Cross, Sevenchurches, Co. Wicklow
Co. Wicklow |
Crosses & Monuments
In the stone store of a visitor centre in Glendalough's wider monastic landscape, a fragment of an early medieval cross sits quietly measured and catalogued, waiting for the attention it rarely receives.
It is the lower portion of a cross shaft, surviving to a total length of 0.88 metres, and it retains its tenon, the shaped projection at the base that would once have slotted down into a separate stone socket to hold the whole cross upright. That the tenon survives at all is worth noting; it gives a precise sense of how such crosses were engineered, fitted together from separate dressed stones rather than carved from a single block.

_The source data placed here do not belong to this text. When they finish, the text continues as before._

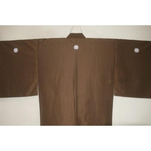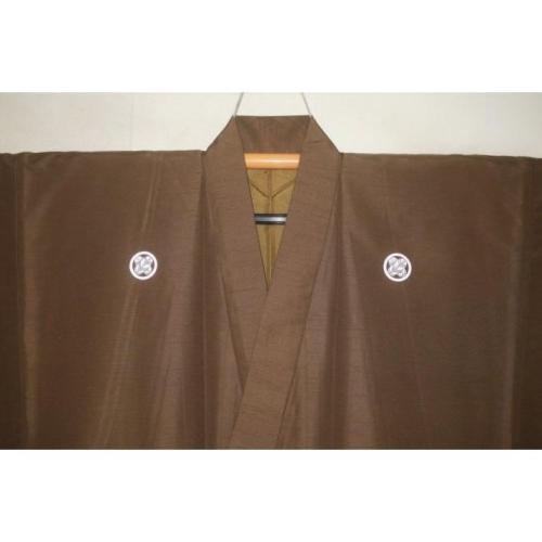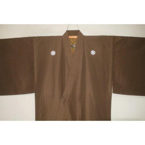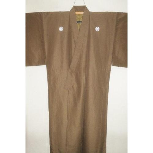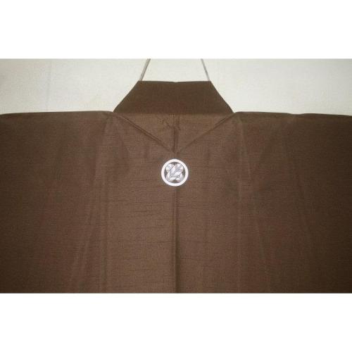 拾11545 シルク化繊丹後縮緬お召調 男着物袷 裄72丈146К金茶色 新品 色紋付 家紋選べます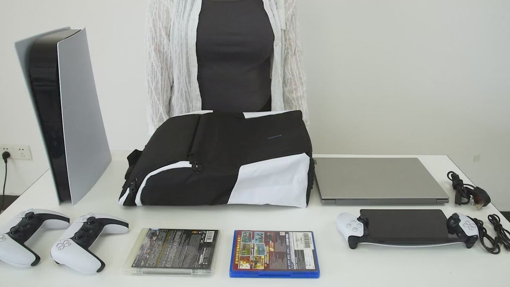 【Multifunctional Storage PS5 Backpack 】This PS5 backpack travel bag is specially designed for PS5/ PS5 Slim/ Pro Console, as well as your PS5 Controller, PS Portal, Laptop, Game Cards, and up to 3 cable pouch, along with other gaming accessories.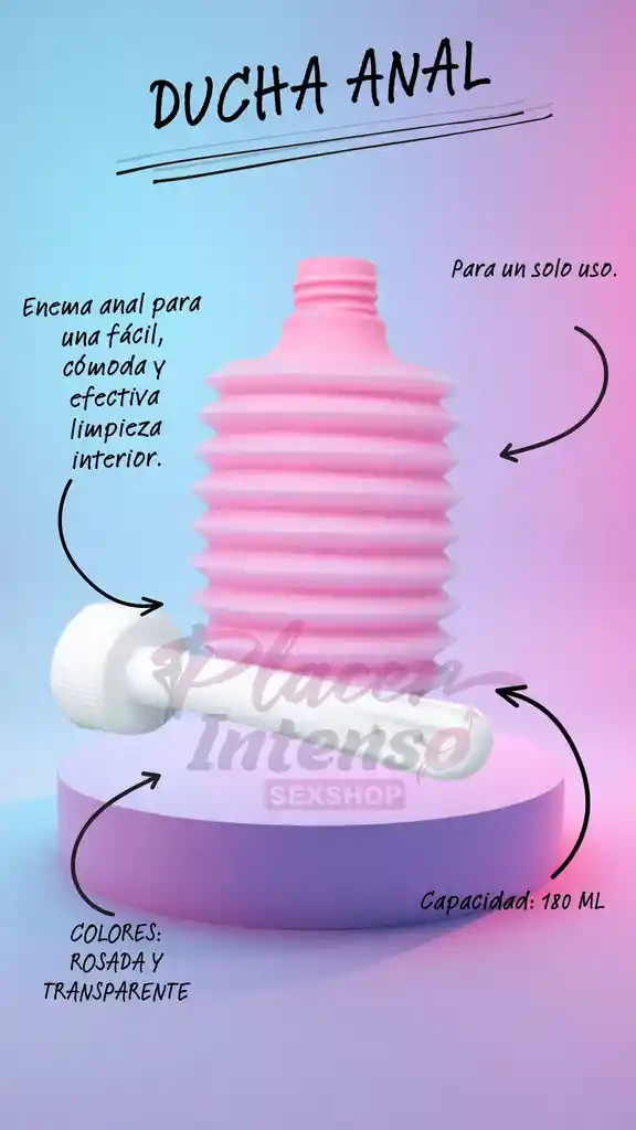 Enema anal para una fácil, cómoda y efectiva limpieza interior. Para un solo uso. CARACTERÍSTICAS: Capacidad: 180 ML COLORES: ROSADA Y TRANSPARENTE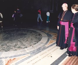 „Ecclesia Cathedralis Spirensis M 134“ dieser Schriftzug wurde vor 30 Jahren im Fußboden des Petersdoms eingelassen. Damit wurde der Dom als eine der längsten Kirchen der Welt im Marmorboden von St. Peter verewigt. Die Idee, den Dom hier einzureihen, hatte Prof. Dr. Peter Eichhorn bereits 1985 dem damaligen Domdekan Bruno Thiebes vorgetragen. Nach Beratungen von Domkapitel und Bischof wurde man dann in Rom vorstellig, wo der Botschaftsrat in der Botschaft der Bundesrepublik Deutschland beim Heiligen Stuhl, Prälat Alois Heck, ein Priester aus der Diözese, das Anliegen beförderte. Im September 1989 wurde diesem Anliegen dann entsprochen. Wenig später nahm Diözesanbischof Anton Schlembach den Schriftzug dann vor Ort in Augenschein.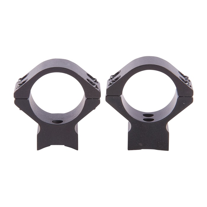 SPECS: 7000 series aluminum, black, anodized, matte finish. Accepts 1" dia. scopes, unless otherwise listed in fits column for 30mm dia. scopes. Height from bottom of ring to top of receiver: Low - .400" (10.1mm), Med - .500" (12.7mm). High - .640" (16.3mm), X‑High - .740" (18.8mm). Approx. weight 2.1 oz. (59 g). Some heights vary, see chart below. Rem. 700 also fits 721/722/725 and 40X models. Rem. Model Seven fits receivers with four screw holes. Savage AccuTrigger fits round top centerfire receivers with AccuTrigger. Win. 70 fits .860" rear hole spacing only.

The site is Sevenchurches, the local name for the early Christian monastic complex at Glendalough in County Wicklow, one of the most significant ecclesiastical settlements in early medieval Ireland. The cross fragment measures 0.38 metres at its widest and just 0.10 metres thick, proportions that suggest a relatively slender, upright form rather than the broad slab-like profile of some early Irish stone crosses. The tenon itself is 0.16 metres long and 0.29 metres wide, and notably it sits flush with one face of the shaft rather than being centred, a small but telling detail about how the piece was worked. On the upper face, as recorded in 2005, there is linear decoration, carved lines whose precise pattern is not described further but which place the fragment within the long tradition of ornamental stonework associated with Irish monastic sites.